__HOW TO COMPLETE THIS TASK__
What you return should be the complete data below, word for word, with no pictures in it.

__SOURCE MATERIAL__
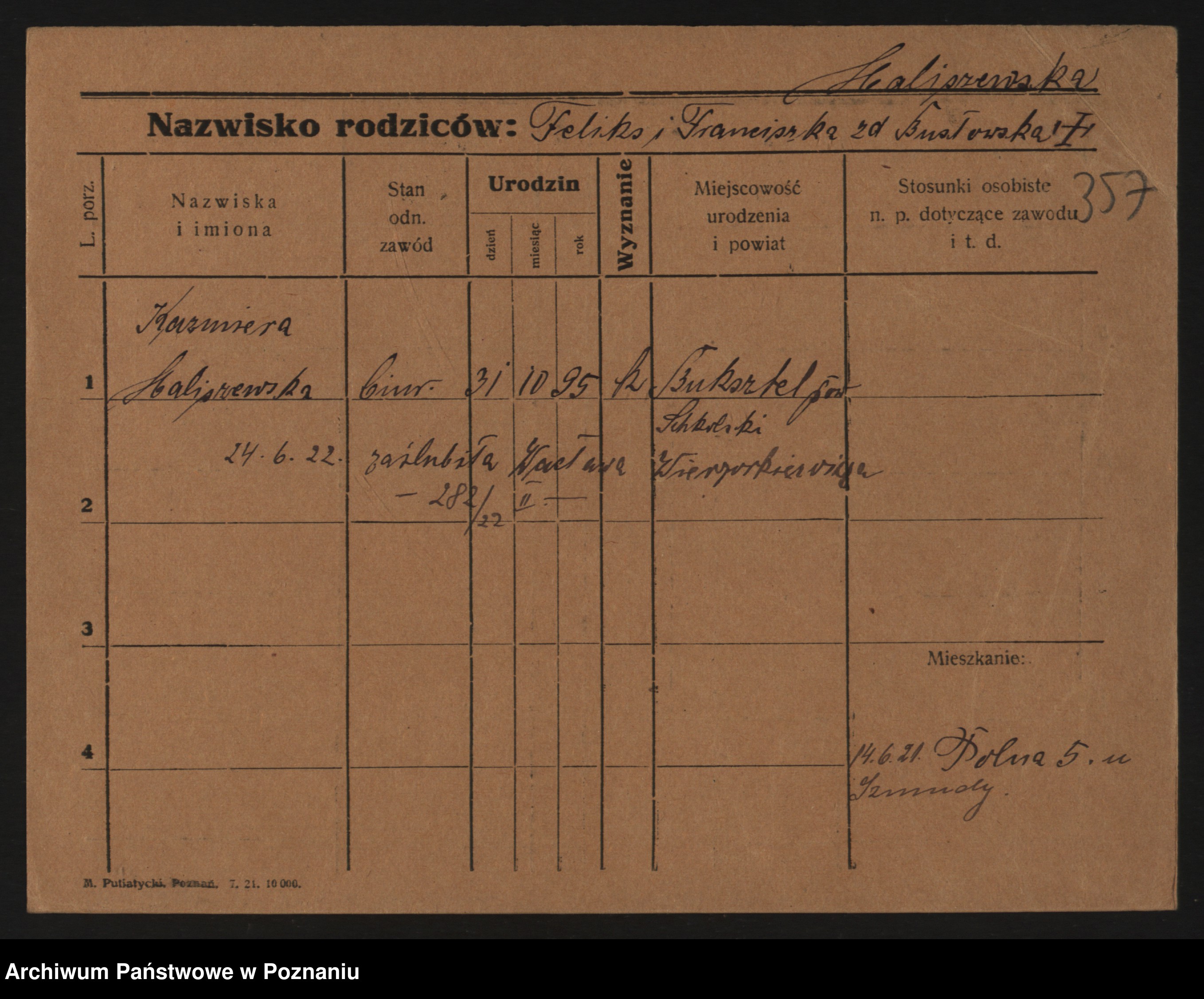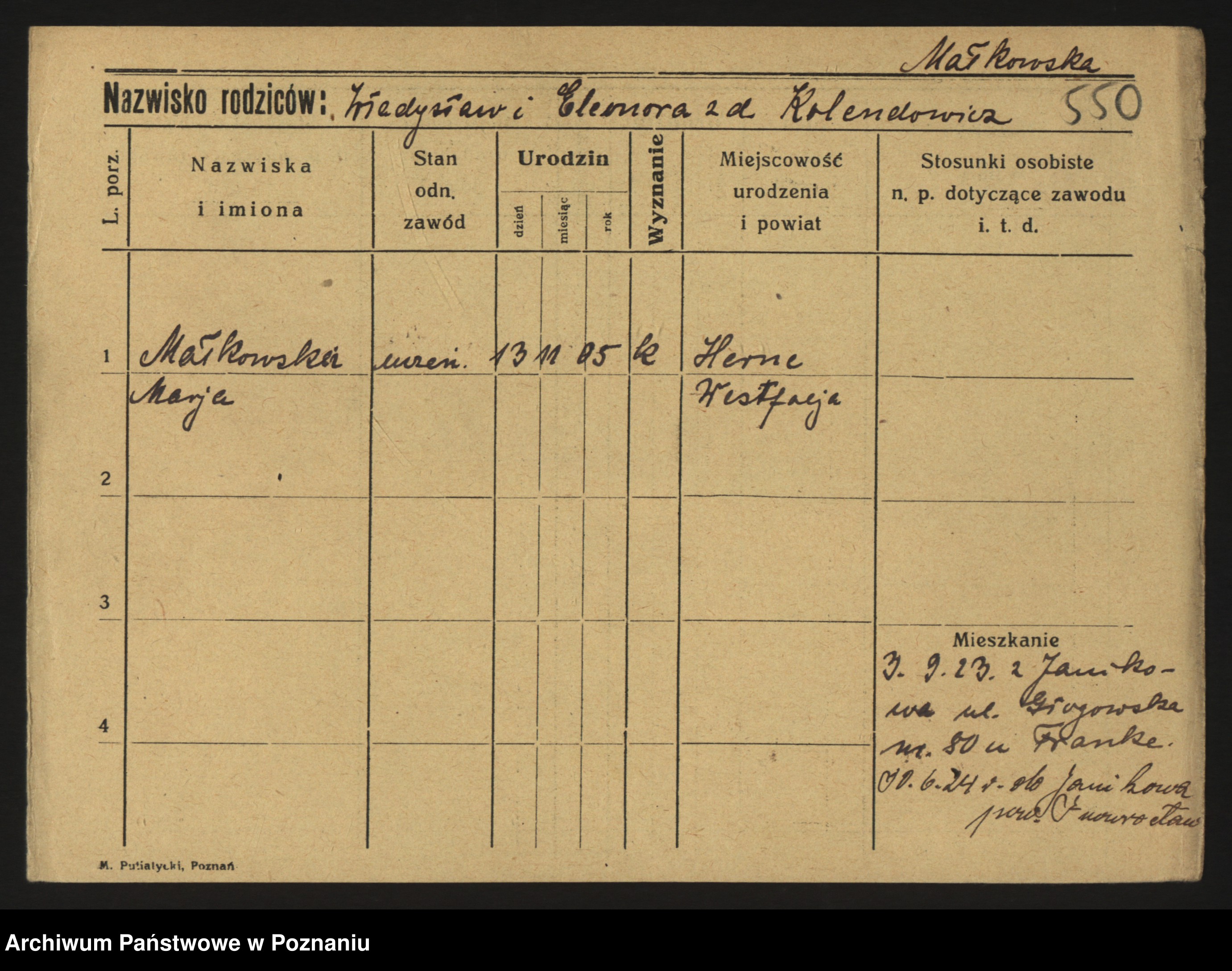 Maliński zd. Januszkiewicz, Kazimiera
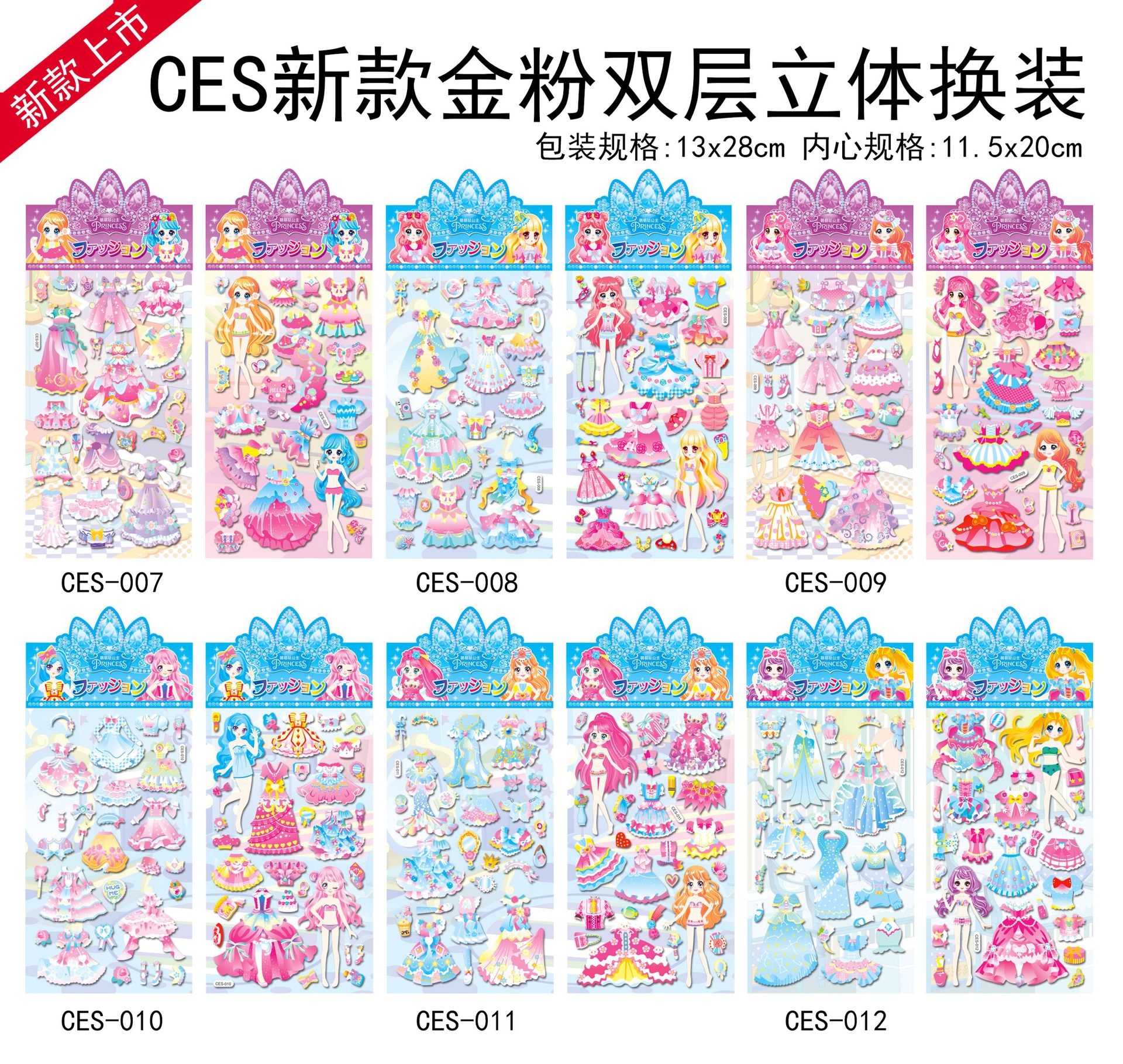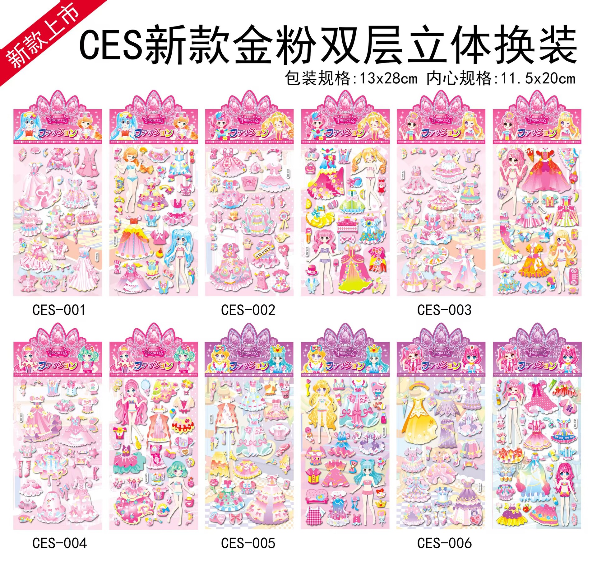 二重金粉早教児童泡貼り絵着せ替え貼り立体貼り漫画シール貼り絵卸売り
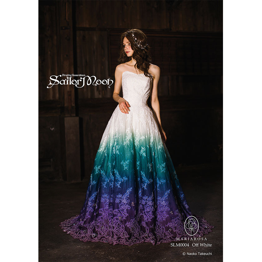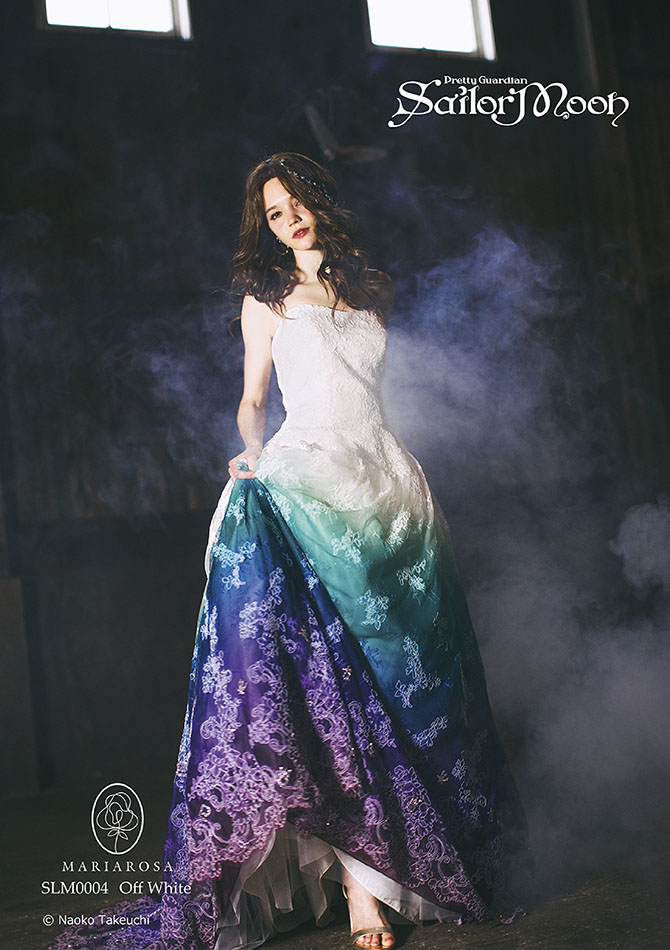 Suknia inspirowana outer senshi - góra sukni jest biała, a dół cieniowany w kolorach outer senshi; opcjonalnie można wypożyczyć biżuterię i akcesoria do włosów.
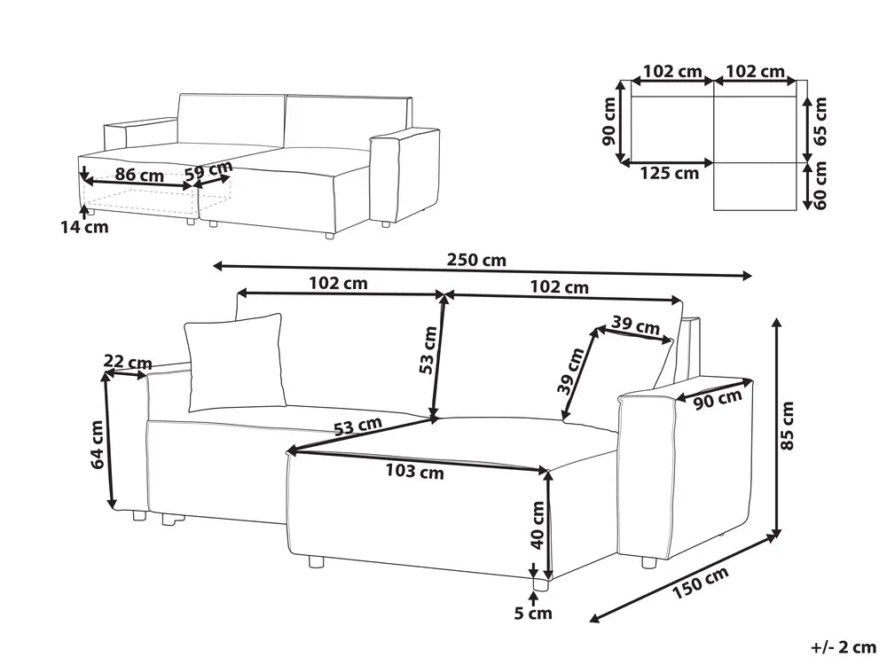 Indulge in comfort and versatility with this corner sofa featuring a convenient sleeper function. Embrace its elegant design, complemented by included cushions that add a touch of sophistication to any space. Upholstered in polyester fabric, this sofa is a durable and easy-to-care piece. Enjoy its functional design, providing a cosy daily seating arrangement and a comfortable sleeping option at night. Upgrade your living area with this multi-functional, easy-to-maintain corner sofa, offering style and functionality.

__WRITTEN RESPONSE__
 Maliński zd. Januszkiewicz, Kazimiera
 二重金粉早教児童泡貼り絵着せ替え貼り立体貼り漫画シール貼り絵卸売り
 Suknia inspirowana outer senshi - góra sukni jest biała, a dół cieniowany w kolorach outer senshi; opcjonalnie można wypożyczyć biżuterię i akcesoria do włosów.
 Indulge in comfort and versatility with this corner sofa featuring a convenient sleeper function. Embrace its elegant design, complemented by included cushions that add a touch of sophistication to any space. Upholstered in polyester fabric, this sofa is a durable and easy-to-care piece. Enjoy its functional design, providing a cosy daily seating arrangement and a comfortable sleeping option at night. Upgrade your living area with this multi-functional, easy-to-maintain corner sofa, offering style and functionality.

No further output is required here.